-Y İ R M İ İ K İ -

2.6K 250 51
                                    

Bir Ay Sonra..
 
       Her şey olması gerekenden güzel gitmeye başlamıştı son üç gündür. Semiha Hanım tarafından kaçırılmaya çalışıldığım düğün günümün üzerinden bir ay geçmişti. Art Life'da geçen yoğun toplantılı günlerin üzerine bir de Kaan ile yürüttüğümüz proje nedeni ile Serkan sürekli gergin bir modda geziyordu. Ve bu gün, o günlerin devamı niteliğindeydi.

  "Anlamıyorum, Kaan yerine benimle çalışsaydı."

"Canım adam Kaan'la ahbapmış zaten. Çocuk beni önermiş ne var bunda? Yedi mi beni? Çok kıskançsın Serkan."

"Kim? Ben mi?"

"Hayır Erdem. Serkan, lütfen hayatım. Bırak işimi yapayım."

Gözlerini devirdiğinde, oflayarak kendimi geriye bıraktım. Midem felaket derecede bulanıyordu ve bu benim çalışmamı engelleyecek duruma gelmişti. Elimle karnımı sıvazlarken Serkan ile göz göze geldiğimizde kaşlarını çattı.

"İyi misin sen?"

"İyiyim ya, midem bulanıyor biraz."

"Ne? Ne demek midem bul- hastaneye gitmeli miyiz?"

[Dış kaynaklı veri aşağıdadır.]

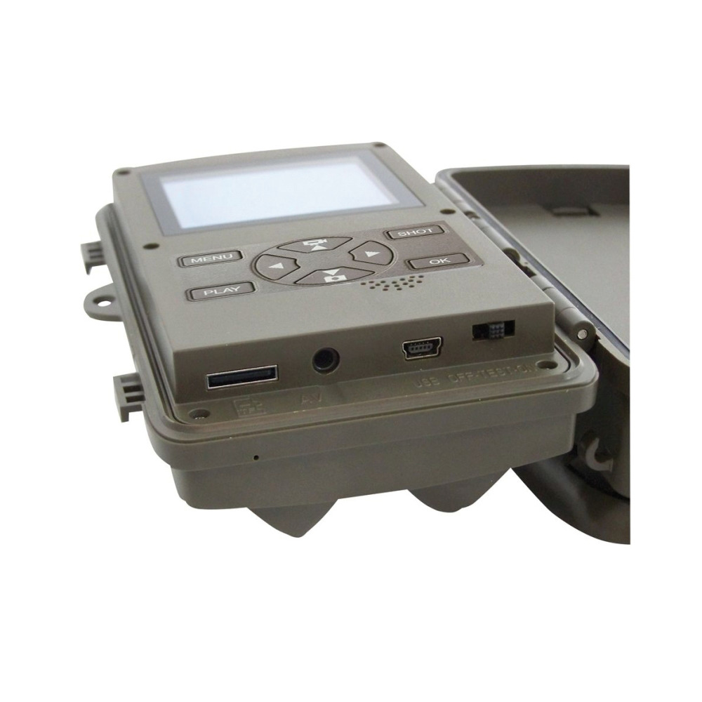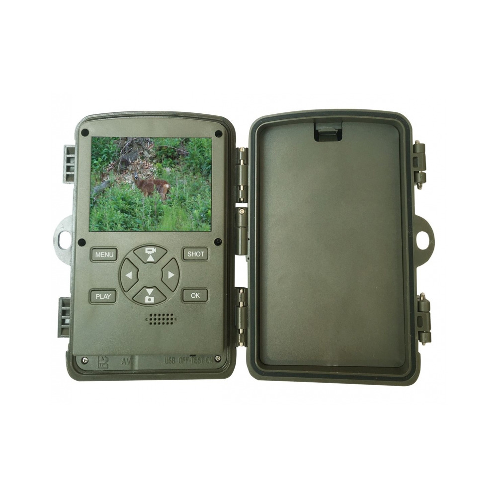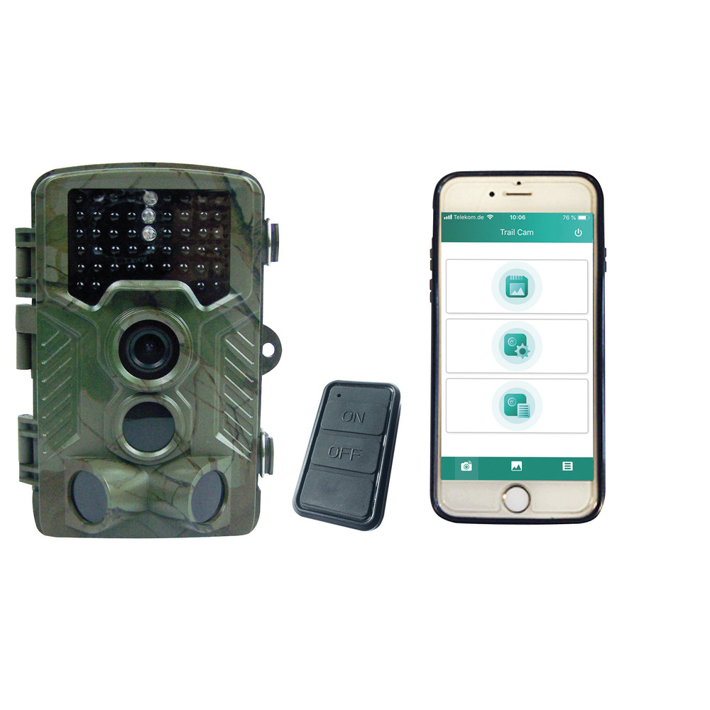 Neue Überwachungskamera mit Nahfeld Wifi Funktion per Fernbedienung - einfach das Smartphone über Fernbedienung mit der Kamera verbinden und die Bilder auf das Smartphone downloaden ohne lästiges Klettern oder SD-Kartentausch. Umfangreiche Einstellmöglichkeiten für perfekte Bilder und Videos bei Tag und bei Nacht Kamera mit 20 Mega-Pixel (kleinere Auflösungen einstellbar) und 2,4″ TFT Bildschirm. Bilder und Videos, bei Tag in Farbe und in der Nacht in schwarz/weiß, durch 2 high Power 940 nm Black-LED's, dadurch kein verschrecktes Wild, Blitzreichweite ca. 20 m, einfach an der Kirrung oder am Wechsel anbringen. 24-Stunden rund um die Uhr Bilder und Videos. Technische Daten: Trigger Time nur 0,3 Sekunden (bei 4 GB Micro SD Karte), Objektivbrennweite 3,3; 105 Objektiv. Automatischer Weißabgleich, Kartenschacht für Micro SD Karten bis 128 GB! (nicht im Lieferumfang), 1, 2, 3, 6 oder 10 Bilder oder 1 Bild + Video pro Auslösung einstellbar (Videolänge 3 Sek. bis 10 Min. wählbar). Videos mit Tonaufnahme von 3840 x 2160 / 10 fps, 2688 x 1520 / 20 fps, 1920 x 1080 / 30 fps, 1280 x 720 / 60 fps, 720 x 480 / 30 fps, 640 x 480 / 30 fps, 320 x 240 / 30 fps einstellbar. Datum, Uhrzeit, Mondphase, auf jedem Bild. Timer-Einstellung möglich. 3 Stück PIR Bewegungsmelder (Intensität einstellbar) davon 2 Vor-PIR's mit 120° Registrierungswinkel für quer verlaufende Wechsel, können auch ausgeschaltet werden, Haupt-PIR mit 60° Registrierungswinkel, Playback Zoom 1 bis 14 fach, Diashowfunktion in der Bildauswahl, Passwortschutz, Betrieb je nach standby Zeit über 4 bis 8 Stück Alkali Mignon Batterien (AA, nicht im Lieferumfang) wetterfestes Gehäuse IP54, USB Kabel für Anschluß zur Bildübertragung auf Ihren PC, Gurtband für Baumbefestigung und Wandmontagehalterung. extrem kleine Maße ca. L x B x H = 130 x 90 x 75 mm inkl. Batteriebox, mehrsprachige Menuführung D, GB, DK, FI, S, F, E, I, P, NL

"Mide kanaması geçiriyorum demedim Serkan, midem bulanıyor dedim. Sakin olur musun?"

Yerinden hiddetle kalkıp yanıma geldi ve beni ayağa kaldırdı. "En azından Dilek Hanım'a bir danışalım. Belki durum ciddi."

"Serkan sen ilaçlarını alıyor musun?"

"Ne ilacı?"

"Kafayı yedin ya, onun için diyorum. İyiyim ya iyiyim, muhtemelen kahveyi fazla kaçırıyorum ondan midem bulanıyor artık. Sakin olur musun hayatım. İyiyim."

Gözlerini kıstı, doğruldu ve beni süzerek yerine geçti. Şimdilik susmuş gibi yapsa da, bu işin peşini bırakmayacağını ve benden gizli Dilek Hanım'a danışacağını çok iyi biliyordum. Bu düşünceleri yumaklayıp zihnimin arka boşluğuna attıktan sonra telefonumu elime alıp Aydan Hanım'ı görüntülü aramış, Defne'yi görmek istemiştim.

"Eda!"

"Aydan Hanım, nasılsınız? Defne iyi mi?"

"İyi iyi, Seyfi ile eğleniyorlar. Ha bu arada, Defne anlatırken duydum, miden bulanıyormuş. Nasıl oldun?"

"Ahah Allah Allah, ülkede duymayan kaldı mı çok merak ediyorum. Hani kaldıysa basın toplantısı ayarlayalım midem bulanıyor diye. Ya iyiyim."

Serkan gözlerimin içine bakıyordu. Ufakta olsa endişe ettiğini anlayabiliyordum. Ama ortada olmayan hiçbir şey için bu kadar endişe etmek, bana saçma geliyordu. Telefonu kapattıktan sonra tekrar işe gömülmüş, kafamdaki tekrara binen düşünceleri bir kez daha geriye iterek uzaklaşmıştım onlardan. Her şey yolundaydı, herkes mutluydu. Ve bu beni oldukça tedirgin etse de, bulutlar kararmadan önce güneşli günlerin tadını çıkarmaya çabalıyordum. Aşık olduğum adamla sonsuz bir hayata adım atmıştım. Ondan bir parçam vardı ve hayalini kurduğumu her zaman dile getirdiğim o aileye sahiptim. Ve onlar için savaşmaya, kendimi feda etmeye hazır bir şekilde bekliyordum sırasını bekleyen tüm zorlukları. Onlar benim hayatımdı ve benim hayatım her şeyden daha önemli bir konumdaydı.

  Dakikalarca gözlerimi ayırmadığım ekrandan Ceren'in sesiyle ayırmış ve beni sonsuz düşünce girdabından kurtardığı için ona minnetle bakmıştım.

"Ceren" dedi Serkan tatlı bir samimiyetle. Ceren ikimize de gülümseyip sandalyeye oturduktan sonra, sarı dosyayı masaya bırakmış ve ikimize de birer bakış daha atmıştı.